アニメーション映画は、過去10年(コロナ禍を除く)で年間興行収入トップ10作品のうち約2割を占め、今年10億ドルを突破した最初の作品が『ザ・スーパーマリオギャラクシー・ムービー』になるなど、ハリウッドを支える分野となっているが、いまだ作品や制作者への評価が追いついていないのが実情のようだ。米エンターテインメント業界誌バラエティー(Variety)が7月17日伝えた。

アニメーションスタジオ「ライカ」のトラヴィス・ナイトCEOは、2020年のアカデミー賞ノミネート時に、かねて尊敬していた脚本家から「私はそういうもの(アニメーション)は一切見ない。投票する作品は、子供たちに任せている」と言われ憤りを覚え、『子供向け映画』というのが業界や世間の暗黙の共通認識であり、それが声に出されたことに深く傷付いたと話す。

こうした見下した態度の一部は自分たちのせいでもあると話すのは、ピクサーのチーフ・クリエイティブ・オフィサーであるピート・ドクター氏。「(ハリウッド業界の)アニメーション映画の90%は、面白おかしく、おどけたもので、まるでベビーシッター向けの作品のようなもの。われわれは(業界として)、もっとレベルアップできるはずだ」と語る。

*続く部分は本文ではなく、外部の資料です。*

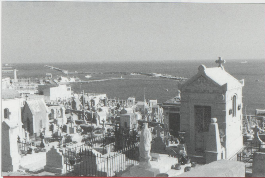
Le cimetière marin de Sète

un substantif à la fois flou et décisif : empathie.

アニメーション映画のアカデミー最優秀作品賞の受賞に必要なことについては、映画制作者たちの間でも意見が分かれ、アニメーション分野でアカデミー賞の投票権を持つメンバーを増やすことなどが挙がっている。一方、『ザ・スーパーマリオギャラクシー・ムービー』などを手がけるイルミネーションのクリス・メレダンドリ創業者は、偏見があるという主張を否定。「歴史的に見ても、コメディ作品は苦戦を強いられてきた」とした上で「今ではアニメーション映画に込められた芸術性に対して、広く評価されるようになっている」との見方を示した。